Olathe, KS -- (SBWIRE) -- 10/28/2014 -- Galbrecht Eyecare in Olathe, Kansas announced today the addition of a cutting edge new technology that promises to revolutionize the detection of glaucoma. The Zeiss Glaucoma Detection with Variable Corneal Compensation (or GDx VCC) performs a non-obtrusive scan of a patient's retina to measure the thickness of the retinal nerve fiber layer (RNFl) without the need to dilate the eye. Changes in the thickness of the nerve layer is an early indicator of glaucoma. The GDx VCC assesses the eye from both a structural and functional point of view and detects structural changes in the retinal nerve fiber layer. This helps to detect early signs of glaucomatous structural damage.
In a healthy eye, a clear fluid called aqueous humor circulates inside the front part of the eye. To keep healthy eye pressure, the eye constantly produces a small amount of aqueous humor while the same amount of the fluid leaves your eye. With glaucoma, the aqueous humor does not leave the eye properly, raising fluid pressure in the eye. Over time, this causes damage to the optic nerve fibers. This can cause irreversible loss of vision. Because it progresses so gradually, more than half of people with glaucoma aren't aware they have it until significant vision has already been lost. If detected and treated in its early stages, blindness can almost always be prevented.
While older glaucoma tests measured eye pressure or the effect that glaucoma had on the patient’s overall visual field, the GDx uses a type of scanning laser to measure the thickness of the RNFl. This increases the likelihood of catching signs of glaucoma early enough to make a real difference for patients.
Before the GDx there was also no way of digitally scanning the fundus to look for subtle changes. Eye doctors relied solely on the patient’s symptoms and other test results to decide if the current treatment regimen was working. Dr. Galbrecht relates, “Patients with glaucoma appreciate this test because they can see if there are changes from one visit to the next. This indicates whether the current medication regimen is working or not, and allows the doctor to shift treatment accordingly if necessary”.

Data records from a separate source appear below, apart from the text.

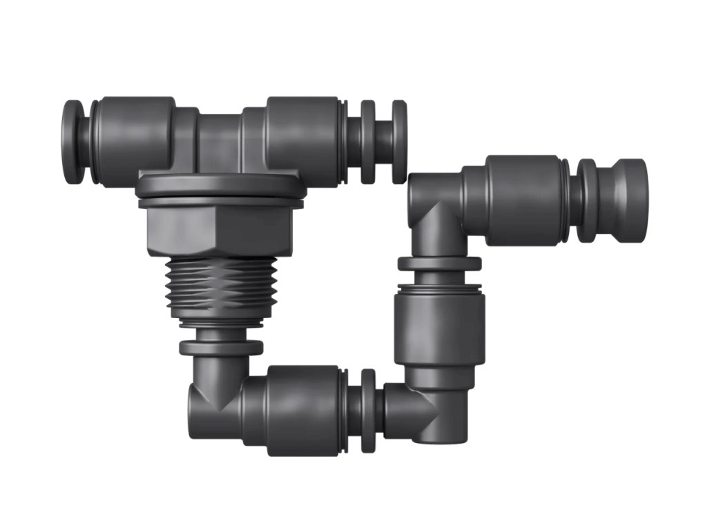 Kompletní sada se skládá z kompaktního čerpadla s displejem, 2 trysek s T-konektorem a šroubením, hadičky o délce 5 m, nasávací koncovky s vodním senzorem, přívodního adaptéru, 2x ucpávky, 2x propojovací konektor a další drobné příslušenství. Hadičky je možné zkracovat pomocí ostrých nůžek nebo přiloženého řezáku.
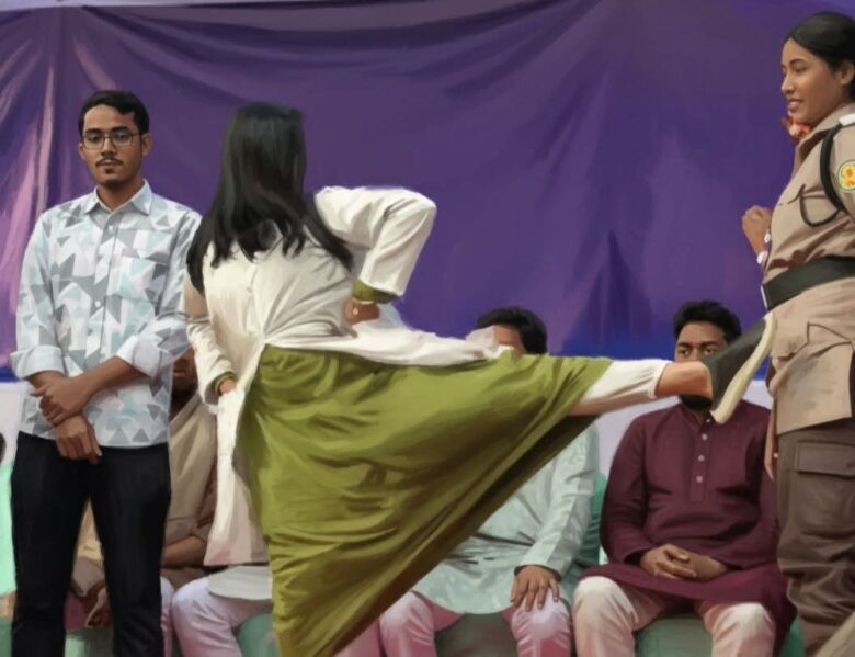কিন্তু কাজটা কী? জনগণের নিরাপত্তারক্ষী একজন মহিলা পুলিশের পেটে সরাসরি ক্যারাটে কিক কেন মারলেন তিনি?
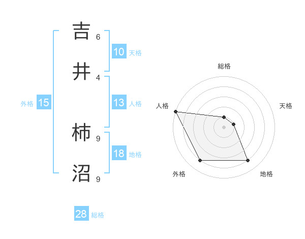 吉井 柿沼さんの総格は28画の1点!
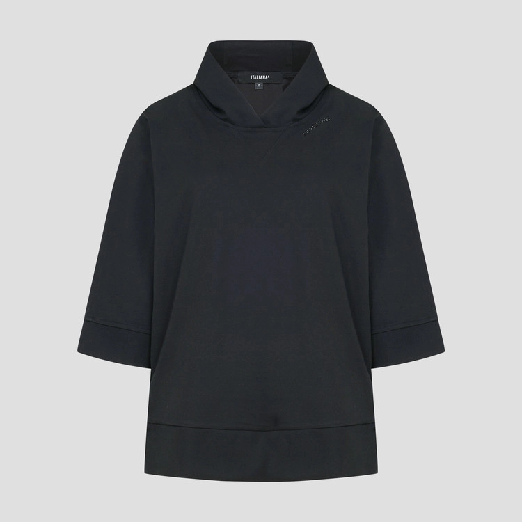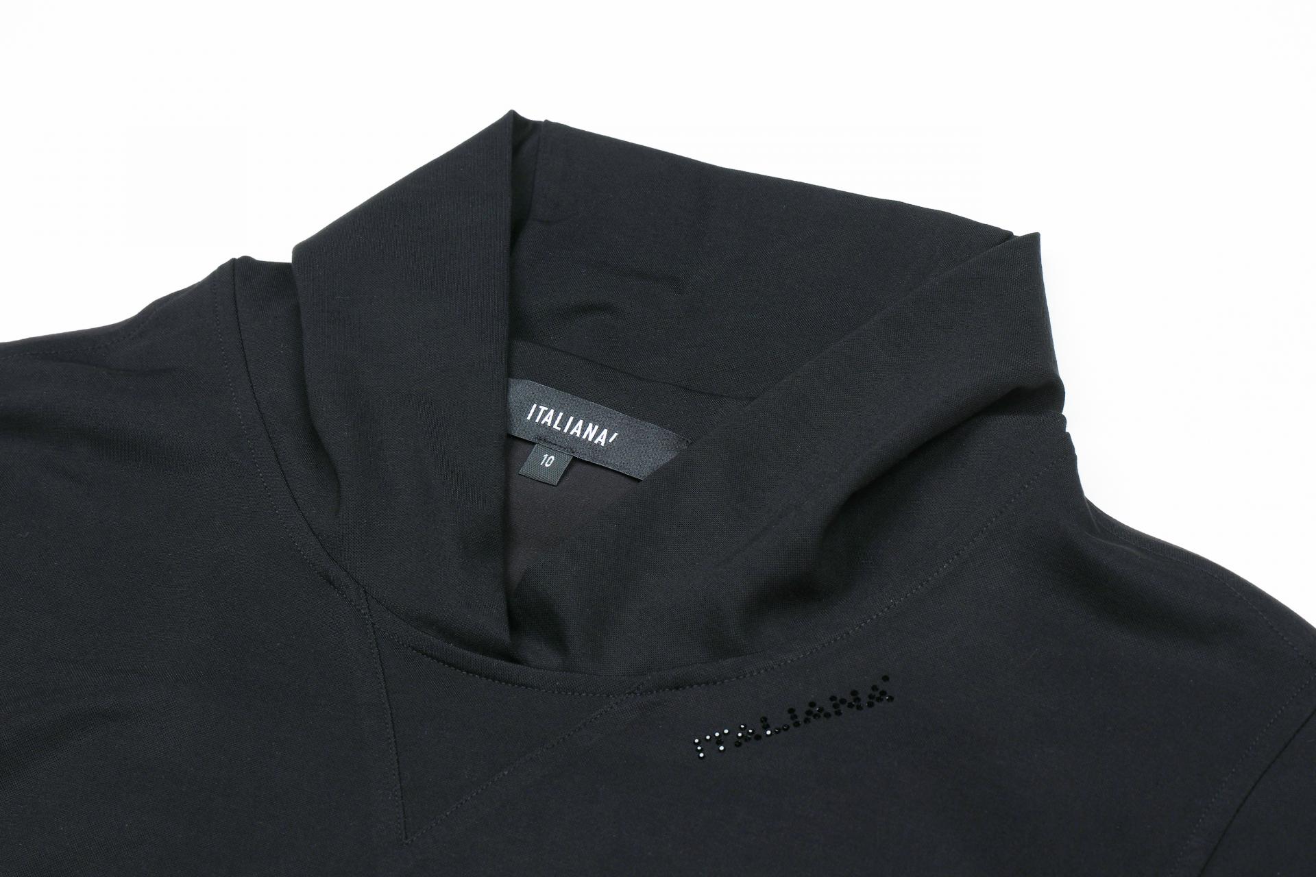 네크라인에 은은한 톤온톤 매칭의 핫픽스 로고 장식으로 가치를 주었습니다.
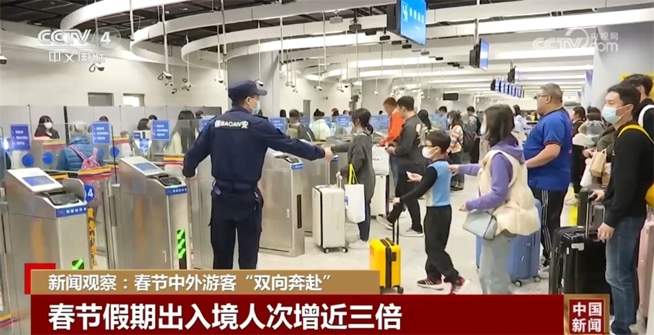 春節(jié)前,中國對多個國家單方面免簽證,今年春節(jié)出境游、入境游訂單均超過2019年同期。其中,出境游創(chuàng)下近4年峰值,預(yù)訂量同比增長近10倍。全國邊檢機關(guān)共驗放中外出入境人員1351.7萬人次,較2023年春節(jié)同期增長2.8倍,恢復(fù)至2019年春節(jié)同期的近九成。
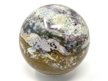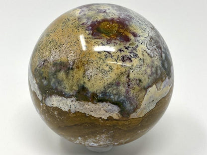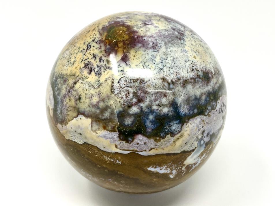 This highly polished Fancy Jasper Sphere measuring 7.2cm in diameter displays a unique pattern of stunning rainbow colours.

When asked to cite an example of how the GDx has already begun to help her patients, Dr. Galbrecht had the following to say: “I had a patient who was having trouble seeing as well as she thought she should. She was seeing halos around lights and had blurred vision. She was also having headaches and nausea, although she didn't realize that these were connected to her eye condition. She also had no family history of glaucoma or indications of high risk. Soon after the new technology arrived, we tested her as a precaution, without suspecting that we would see anything out of the ordinary. After looking at the pictures, graphs and statistical data provided by the GDx, we were able to detect indications of glaucoma and treat her accordingly. Because we caught it early, I am happy to say that she is doing very well. It is not at all clear it would have turned out this way without the GDx.”